RISO Risø National Laboratory - The Radiation Research Department Denmark RISÖ NATIONAL LABORATORY, RADIATION RESEARCH DEPARTMENT, DENMARK 8
NCRS The Swedish University of Agricultural Sciences Sweden SWEDISH UNIVERSITY OF AGRICULTURAL SCIENCES, SWEDEN 5

We have successfully matched the laboratory names to the MARIS standard laboratory names. We can now create a lookup table for the laboratory names.

Exported source
# Create a lookup table for laboratory names
lut_lab = lambda: Remapper(provider_lut_df=read_csv('LABORATORY_NAME.csv'),
                    maris_lut_fn= combine_lut_columns(lut_path=lab_lut_path, combine_cols=['lab','country']),
                    maris_col_id='lab_id',
                    maris_col_name='lab_country',
                    provider_col_to_match='LABORATORY_NAME',
                    provider_col_key='LABORATORY',
                    fname_cache='lab_helcom.pkl').generate_lookup_table(fixes=fixes_lab_names,as_df=False, overwrite=False)

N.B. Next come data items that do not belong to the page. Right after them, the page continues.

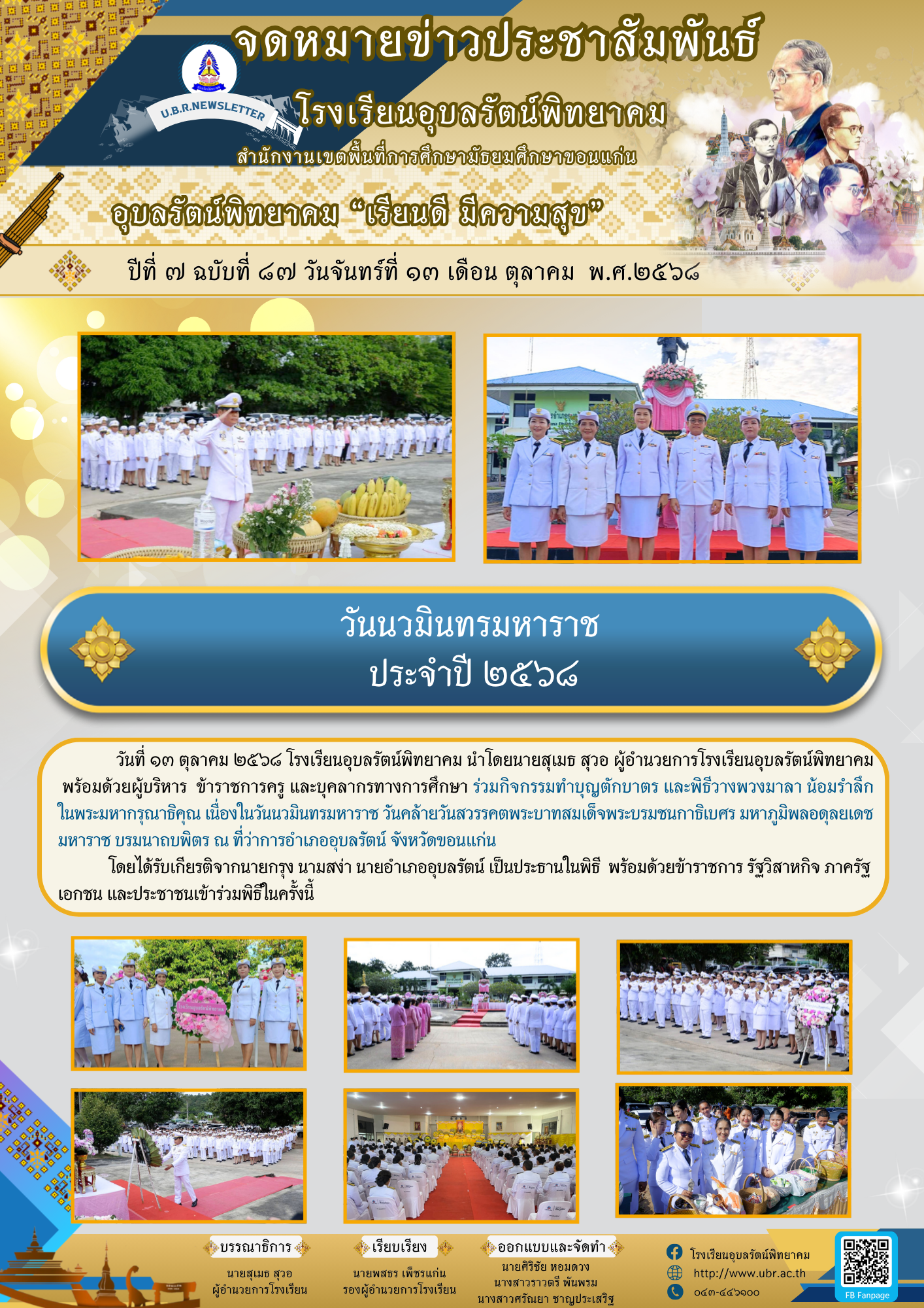 วันที่ ๑๓ ตุลาคม ๒๕๖๘ โรงเรียนอุบลรัตน์พิทยาคม นำโดยนายสุเมธ สุวอ ผู้อำนวยการโรงเรียนอุบลรัตน์พิทยาคม พร้อมด้วยผู้บริหาร ข้าราชการครู และบุคลากรทางการศึกษา ร่วมกิจกรรมทำบุญตักบาตร และพิธีวางพวงมาลา น้อมรำลึก ในพระมหากรุณาธิคุณ เนื่องในวันนวมินทรมหาราช วันคล้ายวันสวรรคตพระบาทสมเด็จพระบรมชนกาธิเบศร มหาภูมิพลอดุลยเดช มหาราช บรมนาถบพิตร ณ ที่ว่าการอำเภออุบลรัตน์ จังหวัดขอนแก่น โดยได้รับเกียรติจากนายกรุง นามสง่า นายอำเภออุบลรัตน์ เป็นประธานในพิธี พร้อมด้วยข้าราชการ รัฐวิสาหกิจ ภาครัฐ เอกชน และประชาชนเข้าร่วมพิธีในครั้งนี้
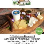 Im Rahmen einer gemeinsamen Aktion mit dem Bayerischen Bauernverband bietet der Anderlbauer in Frasdorf am Samstag, 21. Mai von 10 Uhr bis 12.30 Uhr die Aktion “Frühstück m Bauernhof” und “To Go” – da beginnt der Wochenendtag schon ganz wohlbekömmlich.
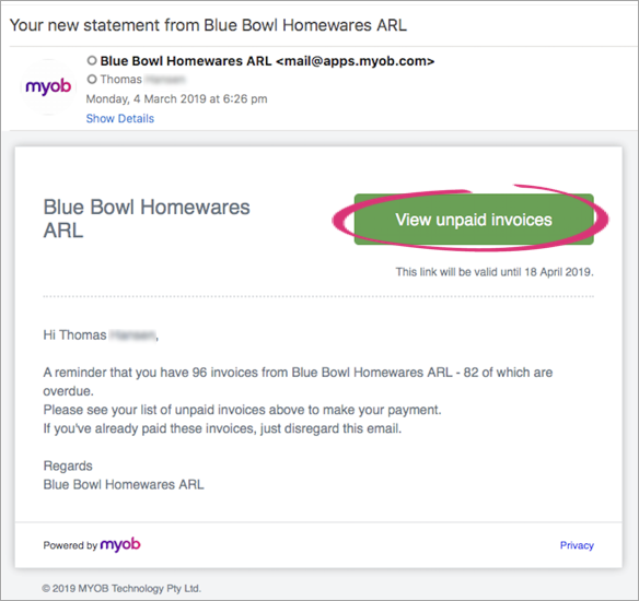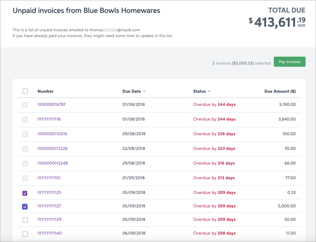 If you send customers emails from AccountRight, they can pay multiple invoices in one go through their list of unpaid invoices. All they need to do is select the invoices they wish to pay and click the Pay invoices button below.
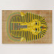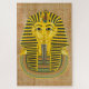 Masque funéraire du roi Toutankhamon sur fond de papyrus.
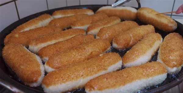 接下来做第二个品种,在之前搓成小条状的面团表皮抹上少许的水,然后放入面包糠中,给每一个面团上都裹上面包糠,然后下入油锅中油炸,炸的过程中记得不停的翻面,防止同一面炸糊掉了,通过油炸的小条状膨胀变大了,表皮也金灿灿的,大老远就能闻到香味。
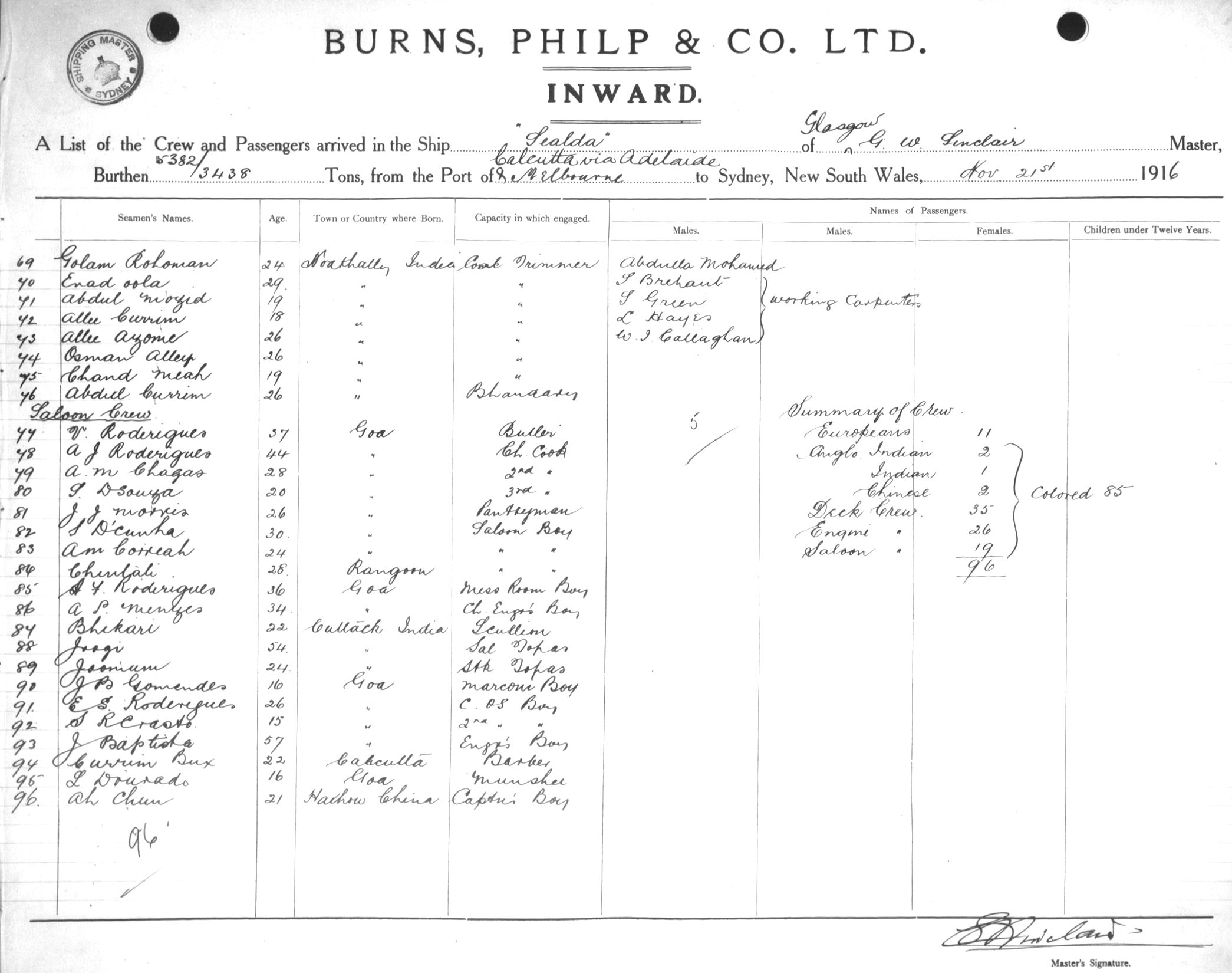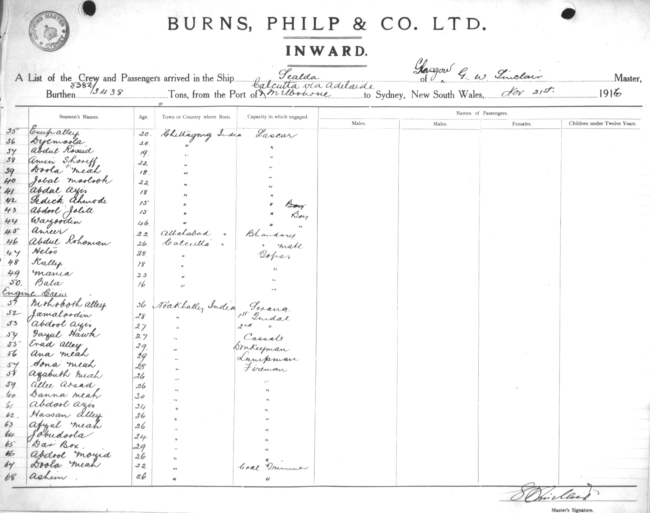 Mariners and ships in Australian Waters | SEALDAOF GLASGOW, G. W. SINCLAIR, MASTER, BURTHEN 5382/3438 TONS FROM THE PORT OF CALCUTTA via ADELAIDE & MELBOURNE TO SYDNEY, 21ST NOVEMBER 1916 |

We now create the callback RemapLabCB, which will remap the nuclide names using the lut_lab lookup table.

dfs = load_data(src_dir, use_cache=True)
tfm = Transformer(dfs, cbs=[
    RemapCB(fn_lut=lut_lab, col_remap='LAB', col_src='laboratory', dest_grps=['BIOTA','SEDIMENT','SEAWATER'])
    ])
tfm()
# For instance:
unique_labs = set()

# Get unique labs from all groups
for grp in ['BIOTA', 'SEAWATER', 'SEDIMENT']:
    if grp in tfm.dfs and 'laboratory' in tfm.dfs[grp].columns:
        # Get values and add to set
        labs = tfm.dfs[grp]['laboratory'].unique()
        unique_labs.update(labs)
    
print('Example of unique laboratory names: \n', unique_labs)
Example of unique laboratory names: 
 {'BFFG', 'LREB', 'SAAS', 'KRIL', 'EBRS', 'DHIG', 'LRPC', 'LEPA', 'CLOR', 'SSSI', 'SSSM', 'VTIG', 'STUK', 'NCRS', 'LVDC', 'IMGW', 'JORC', nan, 'LVEA', 'RISO', 'ERPC'}

Add Sample ID (REVIEW)

Tip

FEEDBACK FOR NEXT VERSION: Enhancing traceability of NetCDF entries to original samples in the datasource using a standardized SMP_ID.

Context:

Previously, the NetCDF output did not include a sample laboratory code (or SMP_ID), limiting our ability to trace data back to its source.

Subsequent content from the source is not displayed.